No specific laws identified for this ruling.

Outcome

The DC Circuit Court of Appeals reversed the district court's denial of a preliminary injunction, finding that the Freshway companies and their owners had likely established a substantial burden on their religious exercise under RFRA and remanded for further proceedings.

What This Ruling Means

# Gilardi v. United States Department of Health & Human Services ## What Happened The owners of Freshway Foods and Freshway Logistics challenged a government requirement related to employee health insurance coverage. The company owners argued that the requirement violated their religious beliefs and asked a court to stop the government from enforcing it against them. ## What the Court Decided The appeals court sided with the company owners.

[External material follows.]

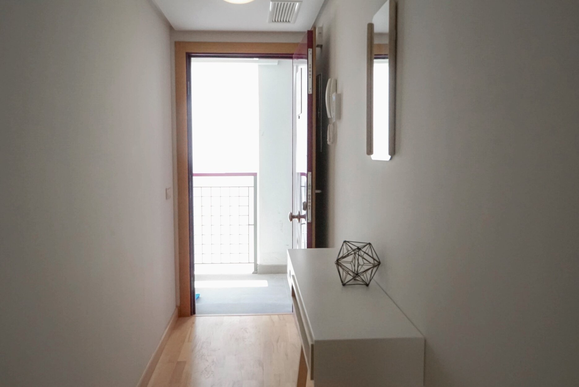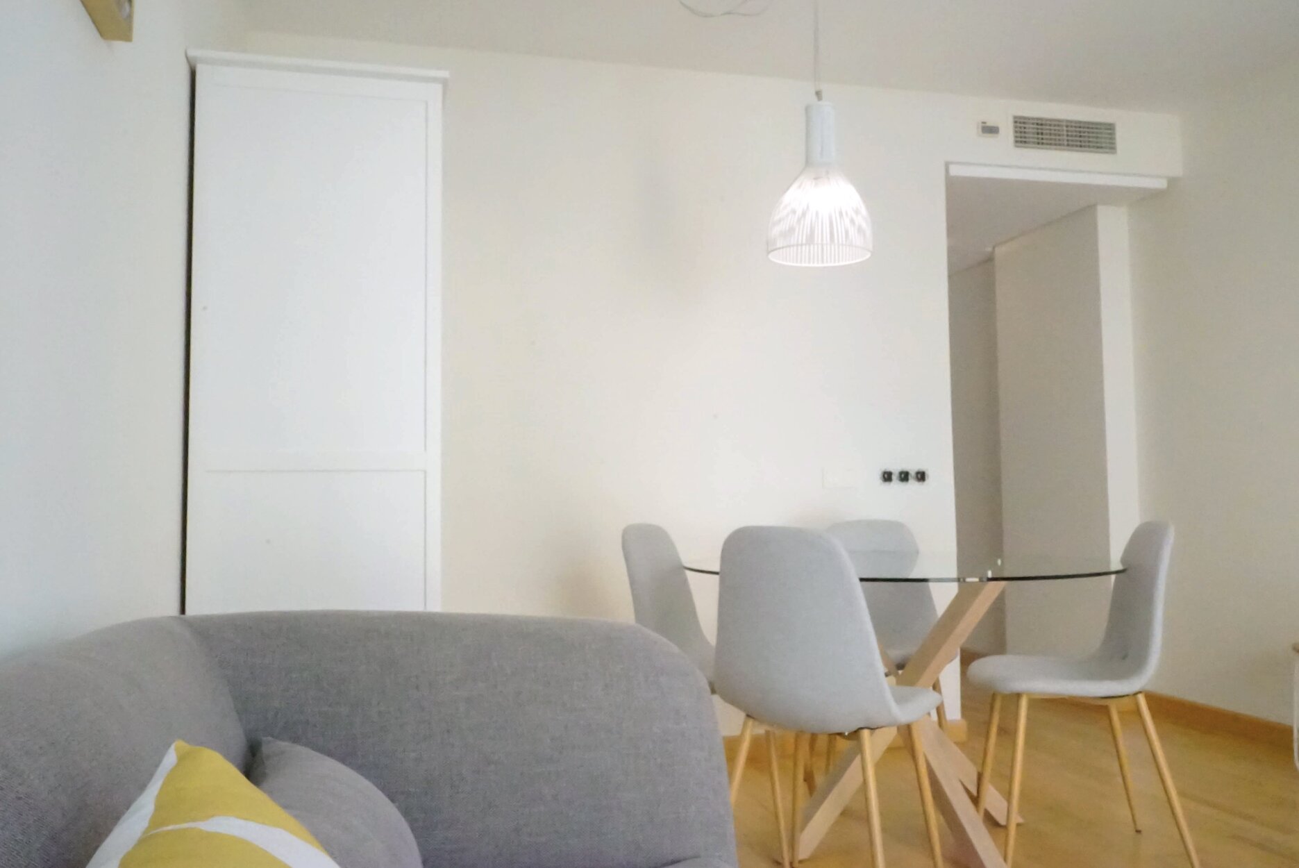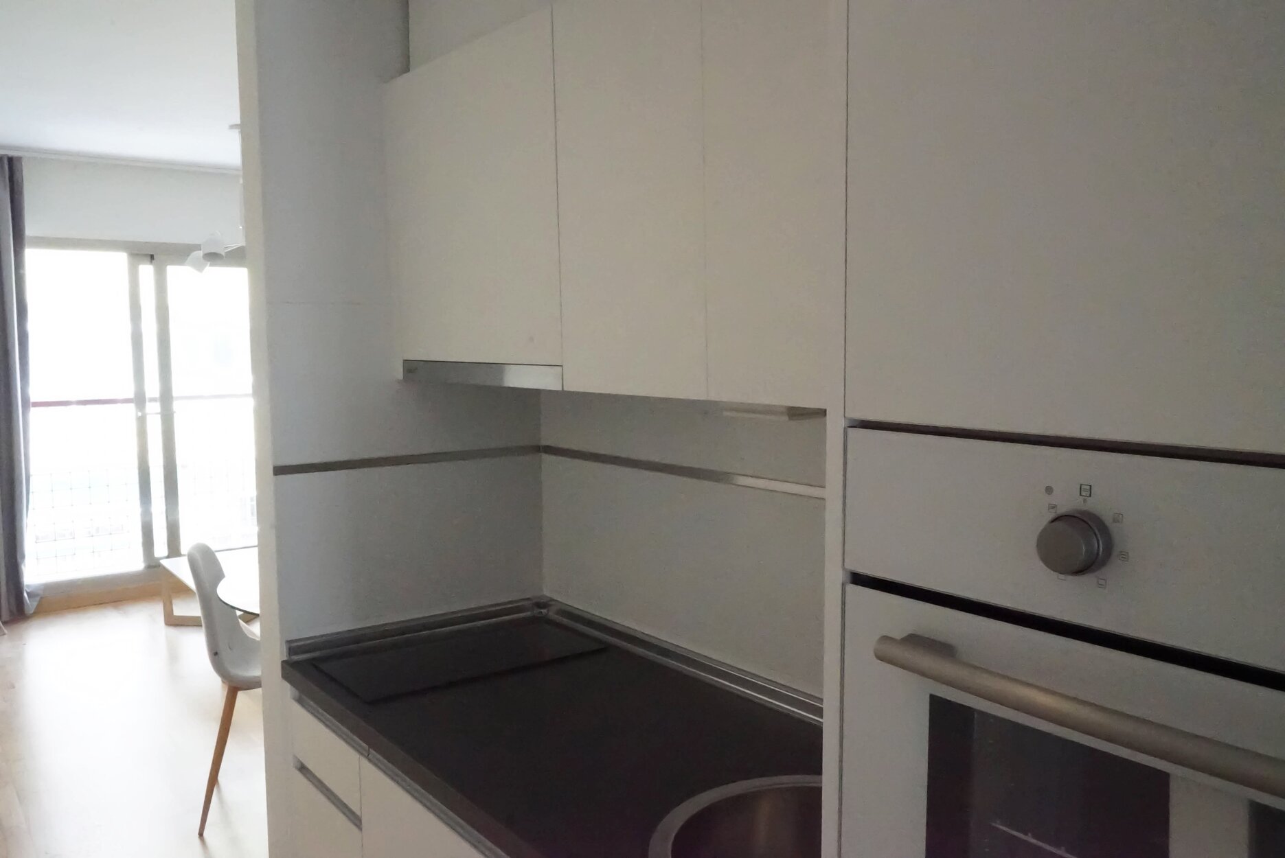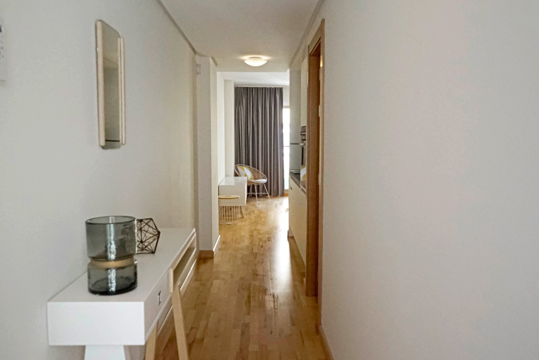 The apartment is delivered in optimal conditions, equipped with air conditioning and with fully equipped kitchen: units, refrigerator, hob, oven, extractor hood integrated into a high cabinet, washer/dryer machine and sink. White finishes.

It concluded they had likely proven that the government requirement substantially burdened their religious practices. The court reversed a lower court's decision and sent the case back for additional proceedings to determine what should happen next. ## Why This Matters for Workers This ruling is significant because it recognized religious exercise protections for business owners. The decision suggests that company owners' religious beliefs can potentially override certain employment-related requirements, even when those requirements affect employee benefits. The case reminds workers that workplace rules may be challenged based on owner religious objections, which could impact the benefits and coverage employees receive.

This summary was generated to explain the ruling in plain English and is not legal advice.